Hybrid Photonic-digital Accelerator for Attention Mechanism
Huize Li, Dan Chen, Tulika Mitra

TL;DR
HyAtten is a novel hybrid photonic-digital accelerator for attention mechanisms that reduces signal conversion overhead, boosting performance and energy efficiency in Transformer computations.
Contribution
It introduces a hybrid approach combining photonic and digital processing with a signal comparator to minimize conversion overhead and improve efficiency.
Findings
Achieves 9.8X performance/area improvement over state-of-the-art.
Attains 2.2X energy-efficiency/area enhancement.

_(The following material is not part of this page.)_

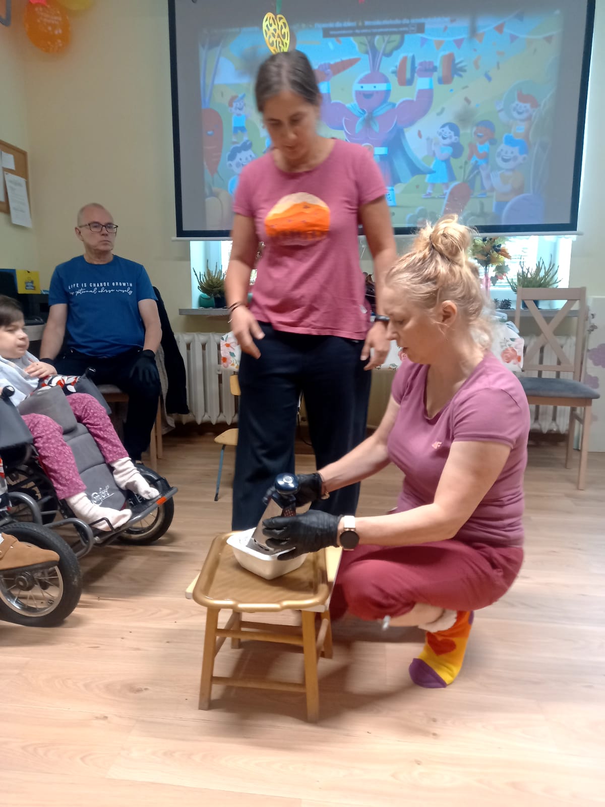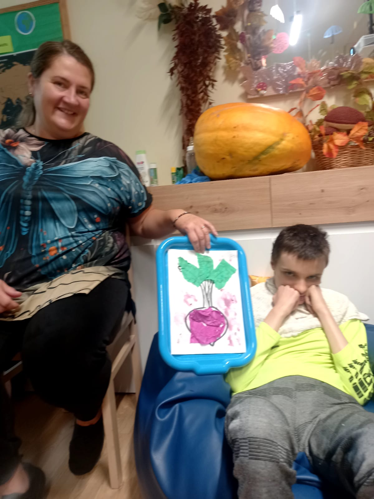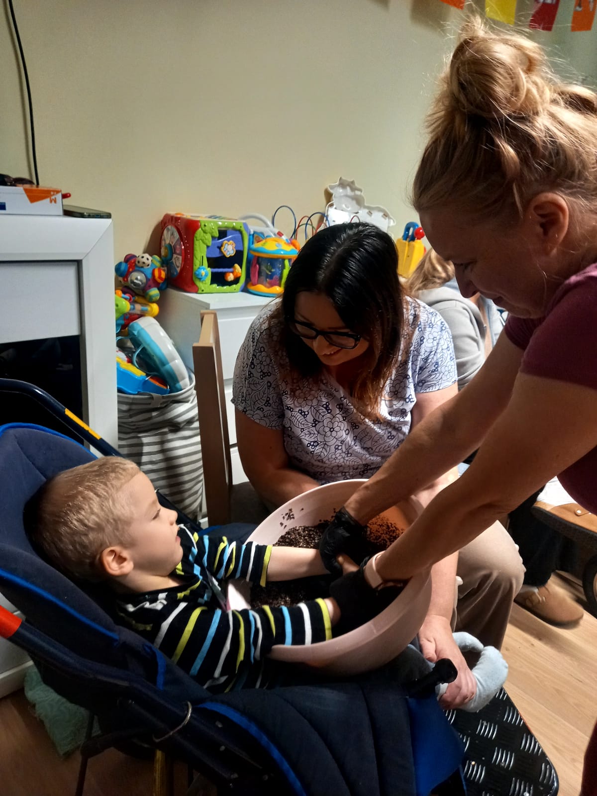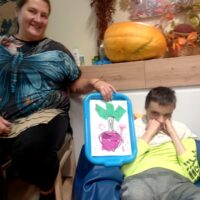 Już tradycyjnie uczniowie mieszkający w DPS uczestniczyli w zajęciach poświęconych warzywu jakim jest BURAK. Spotkanie miało za zadanie aby obejrzeć, zasmakować, dotknąć buraka w ciekawy sposób. W zadaniach było wyszukiwanie buraków w łusce z gryki, dotykanie potarkowanych buraków, wąchanie buraków prosto z ziemi. Uczniowie tworzyli z bibuły prace, pieczętując je burakiem. Na zakończenie tak intensywnego dnia pełnego wrażeń dzieci wzięły udział w procesie powstawania soku z buraka, słuchając dźwięków wyciskarki. Następnie relaksowały się degustując sok z buraka, musy buraczane i barszczyk ukraiński.

Effectively reduces signal conversion overhead in photonic accelerators.
Abstract
The wide adoption and substantial computational resource requirements of attention-based Transformers have spurred the demand for efficient hardware accelerators. Unlike digital-based accelerators, there is growing interest in exploring photonics due to its high energy efficiency and ultra-fast processing speeds. However, the significant signal conversion overhead limits the performance of photonic-based accelerators. In this work, we propose HyAtten, a photonic-based attention accelerator with minimize signal conversion overhead. HyAtten incorporates a signal comparator to classify signals into two categories based on whether they can be processed by low-resolution converters. HyAtten integrates low-resolution converters to process all low-resolution signals, thereby boosting the parallelism of photonic computing. For signals requiring high-resolution conversion, HyAtten uses digital…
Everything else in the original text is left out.